TASK TO COMPLETE: In the entries below, begin at the line with "中国工程院院士、电竞博彩公司" and stop after the line with "Y1tvei 2Pcs Summer"; output those lines exactly and omit the pictures.

RECORDS SUPPLIED:

▽

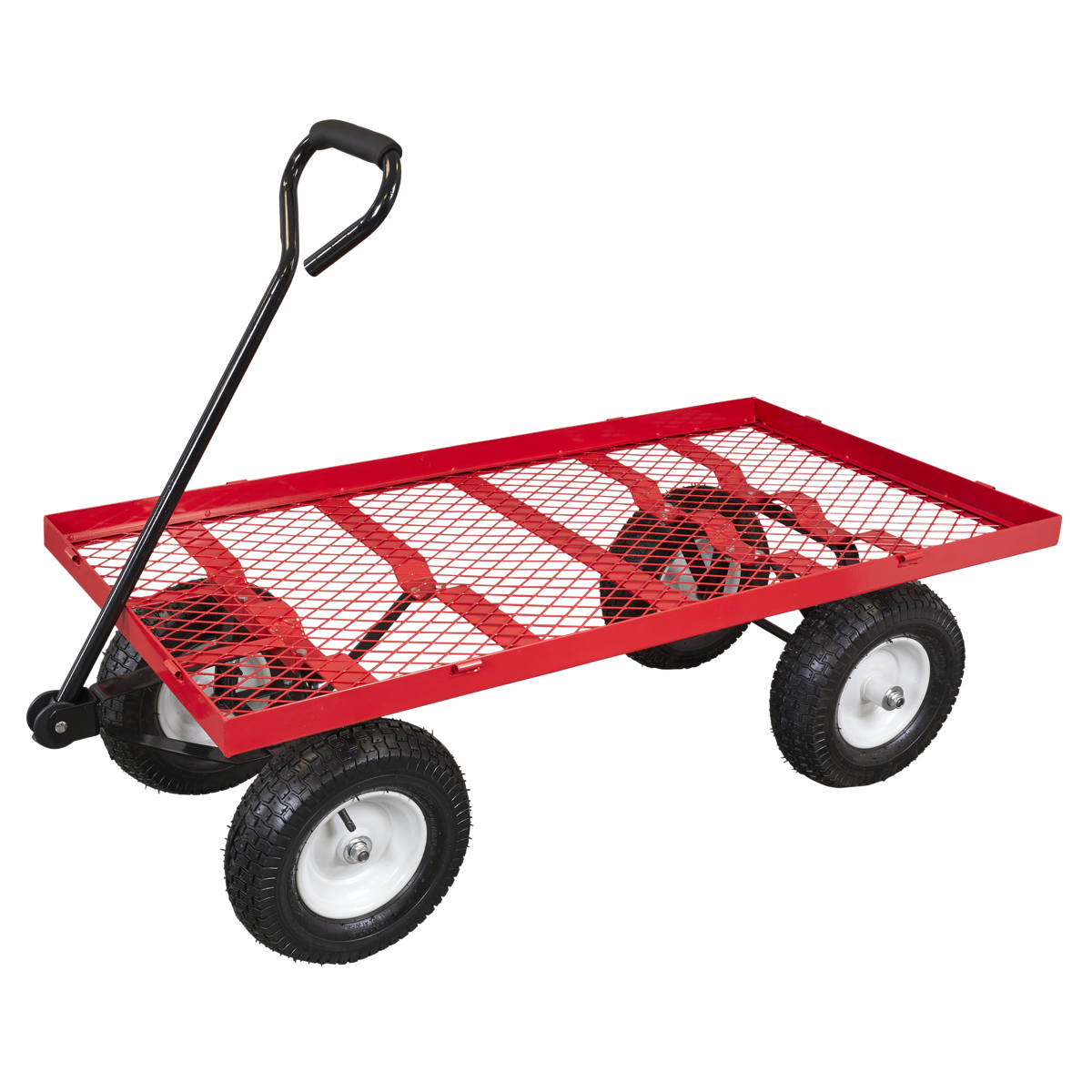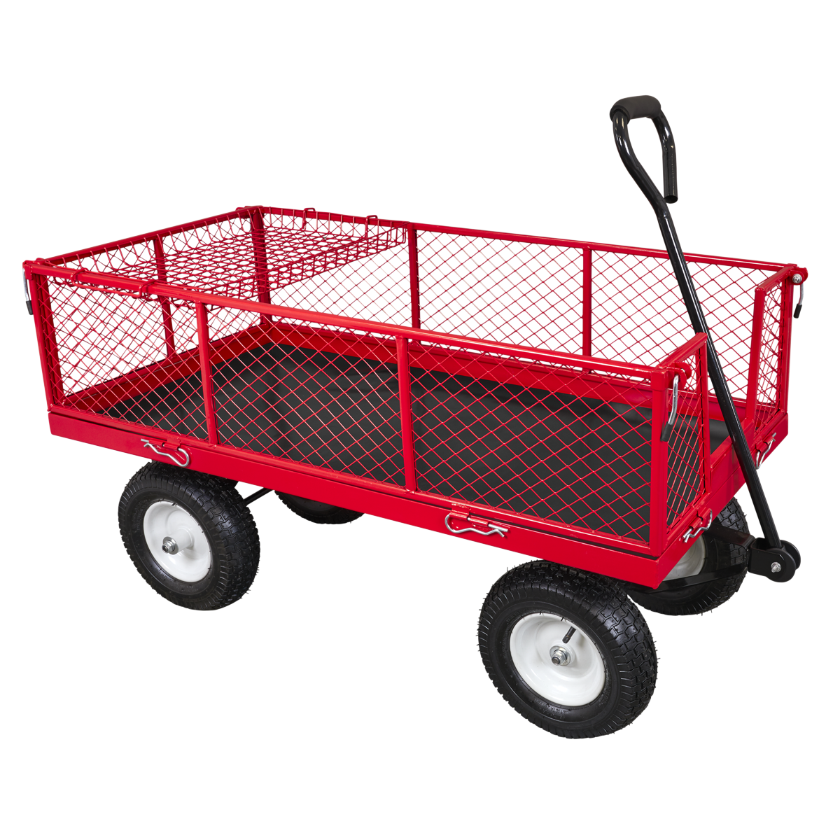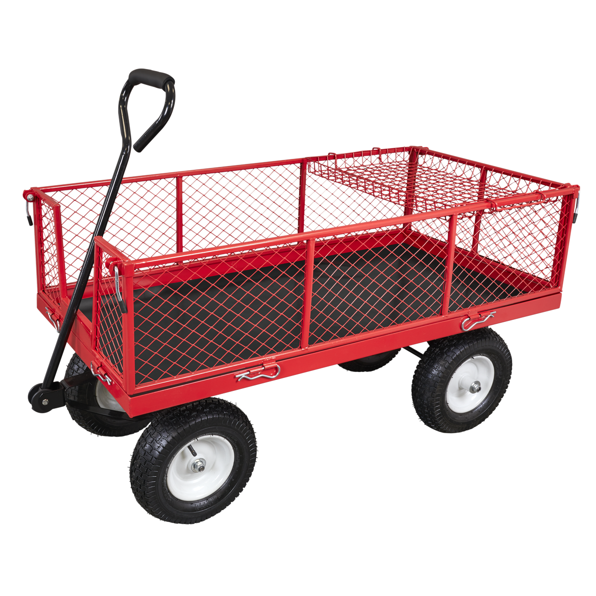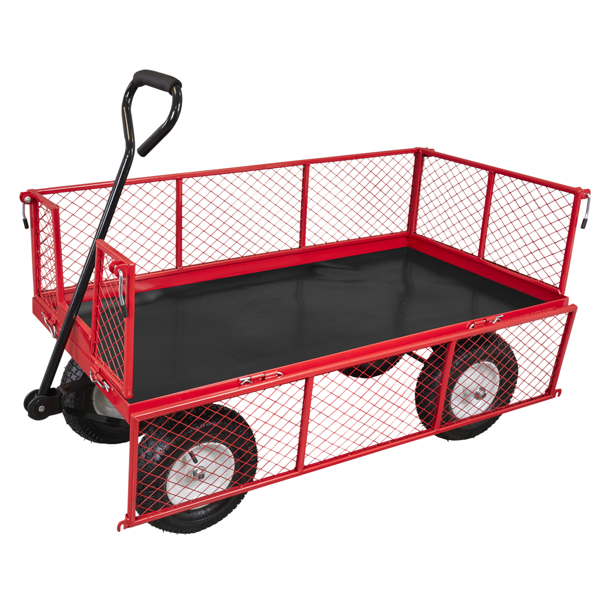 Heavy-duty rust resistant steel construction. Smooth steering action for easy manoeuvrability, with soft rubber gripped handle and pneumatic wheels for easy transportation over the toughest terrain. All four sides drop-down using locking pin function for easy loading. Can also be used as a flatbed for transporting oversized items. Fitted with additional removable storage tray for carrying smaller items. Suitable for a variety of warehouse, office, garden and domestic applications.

△
▽

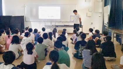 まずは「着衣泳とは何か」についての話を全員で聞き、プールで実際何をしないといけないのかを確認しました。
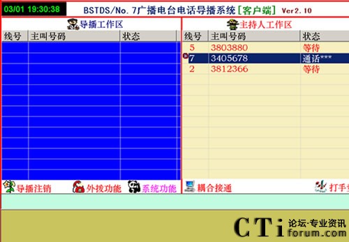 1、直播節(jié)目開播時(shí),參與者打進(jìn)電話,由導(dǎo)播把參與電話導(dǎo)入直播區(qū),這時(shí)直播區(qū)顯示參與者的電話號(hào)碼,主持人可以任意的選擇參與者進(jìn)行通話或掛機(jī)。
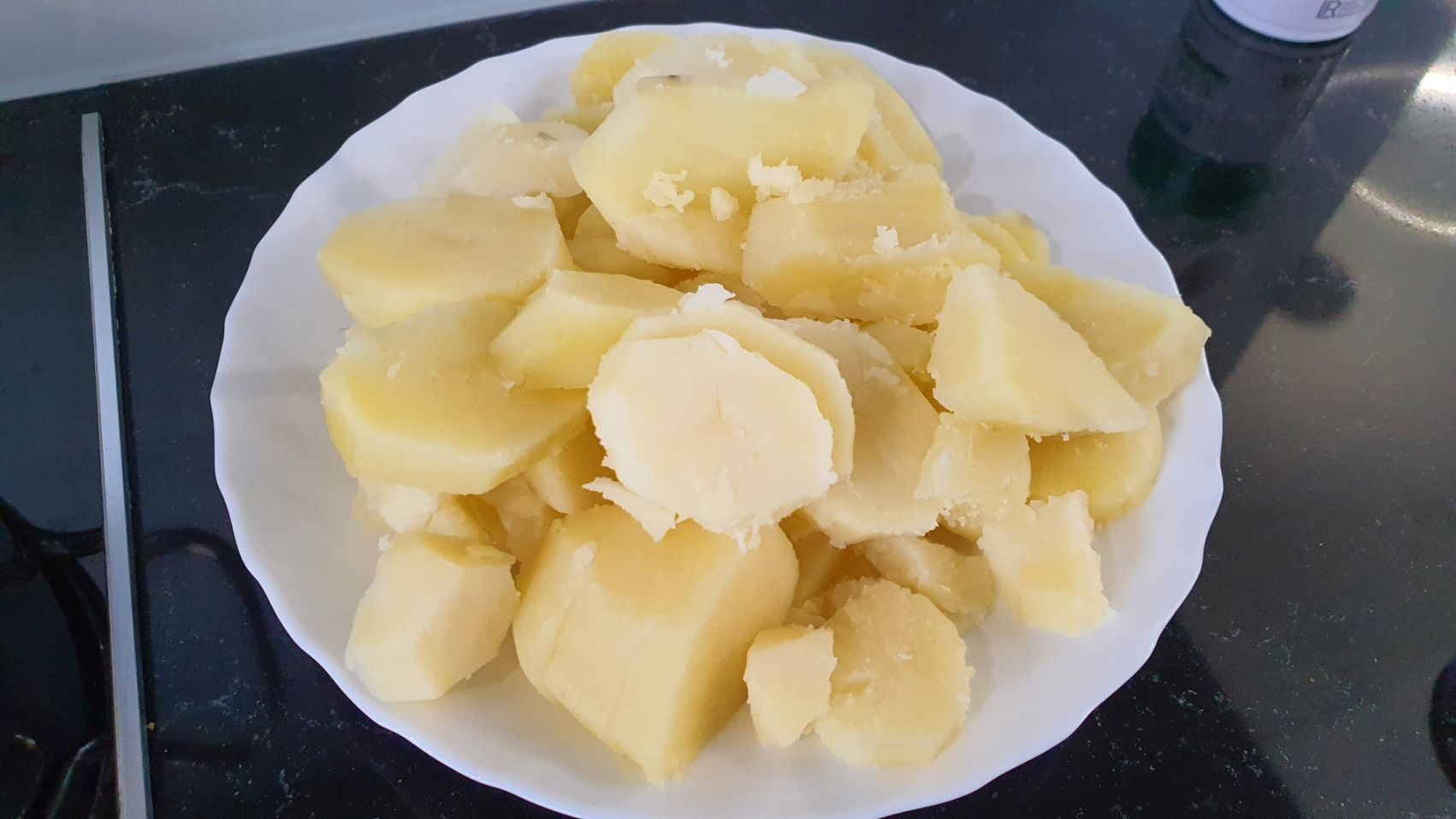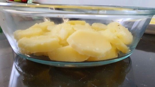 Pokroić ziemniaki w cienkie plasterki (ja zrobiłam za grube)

△
▽

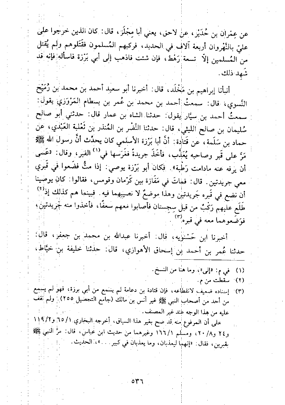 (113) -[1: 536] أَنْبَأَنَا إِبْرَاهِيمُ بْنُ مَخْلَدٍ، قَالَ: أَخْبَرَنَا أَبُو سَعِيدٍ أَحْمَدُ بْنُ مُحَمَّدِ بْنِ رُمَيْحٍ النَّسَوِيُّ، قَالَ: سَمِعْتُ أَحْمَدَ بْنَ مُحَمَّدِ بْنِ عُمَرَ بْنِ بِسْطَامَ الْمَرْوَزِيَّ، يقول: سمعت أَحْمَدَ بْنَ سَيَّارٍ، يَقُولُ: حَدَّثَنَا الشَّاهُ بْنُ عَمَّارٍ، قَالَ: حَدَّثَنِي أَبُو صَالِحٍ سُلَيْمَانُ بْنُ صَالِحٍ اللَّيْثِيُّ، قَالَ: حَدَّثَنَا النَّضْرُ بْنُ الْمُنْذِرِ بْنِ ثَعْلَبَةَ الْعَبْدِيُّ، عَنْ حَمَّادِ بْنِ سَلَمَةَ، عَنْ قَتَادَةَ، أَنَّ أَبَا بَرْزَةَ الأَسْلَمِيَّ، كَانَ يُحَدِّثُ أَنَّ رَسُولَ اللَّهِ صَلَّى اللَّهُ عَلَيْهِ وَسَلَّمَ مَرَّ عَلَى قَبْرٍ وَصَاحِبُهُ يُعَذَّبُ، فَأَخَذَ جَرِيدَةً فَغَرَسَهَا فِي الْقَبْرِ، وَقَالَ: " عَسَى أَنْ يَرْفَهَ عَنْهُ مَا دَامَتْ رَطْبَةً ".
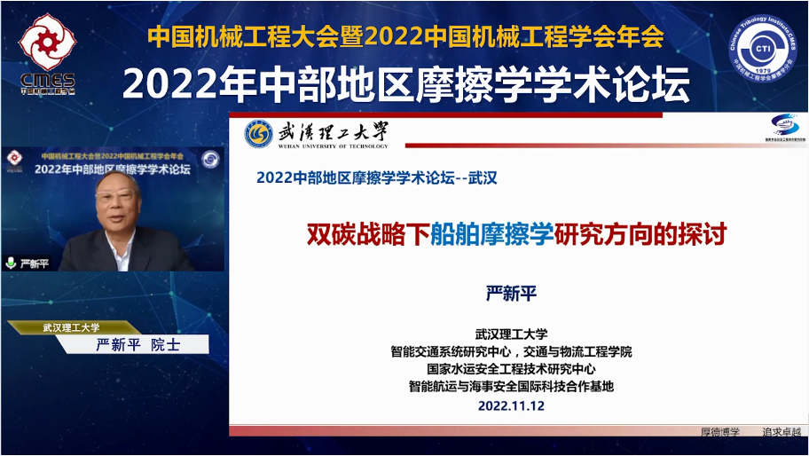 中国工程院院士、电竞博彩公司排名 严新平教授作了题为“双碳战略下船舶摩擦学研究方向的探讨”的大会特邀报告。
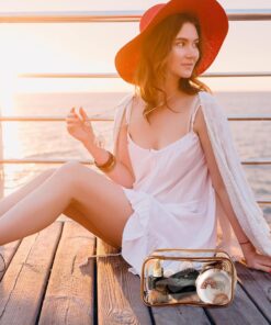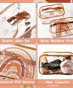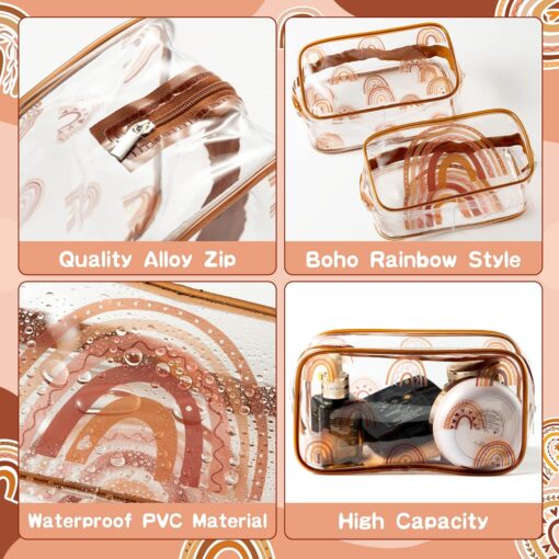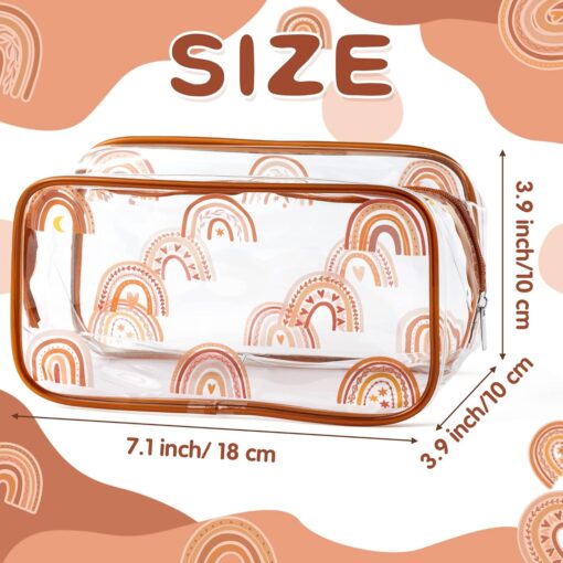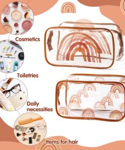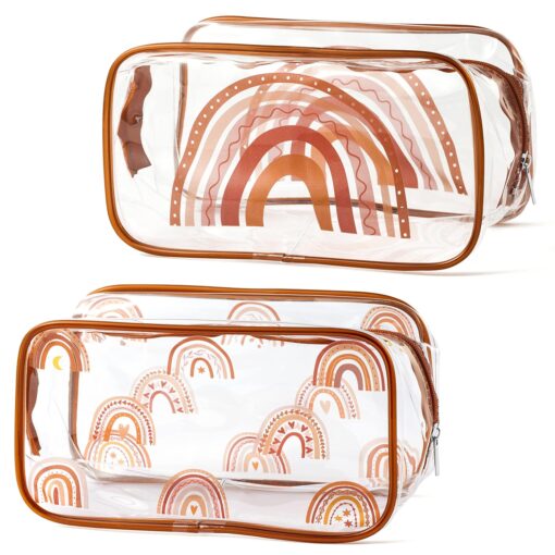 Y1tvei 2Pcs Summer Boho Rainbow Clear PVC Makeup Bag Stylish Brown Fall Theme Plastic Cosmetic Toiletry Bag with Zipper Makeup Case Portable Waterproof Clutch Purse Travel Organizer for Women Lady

△

RESULT FOR THIS TASK:
 中国工程院院士、电竞博彩公司排名 严新平教授作了题为“双碳战略下船舶摩擦学研究方向的探讨”的大会特邀报告。
 Y1tvei 2Pcs Summer Boho Rainbow Clear PVC Makeup Bag Stylish Brown Fall Theme Plastic Cosmetic Toiletry Bag with Zipper Makeup Case Portable Waterproof Clutch Purse Travel Organizer for Women Lady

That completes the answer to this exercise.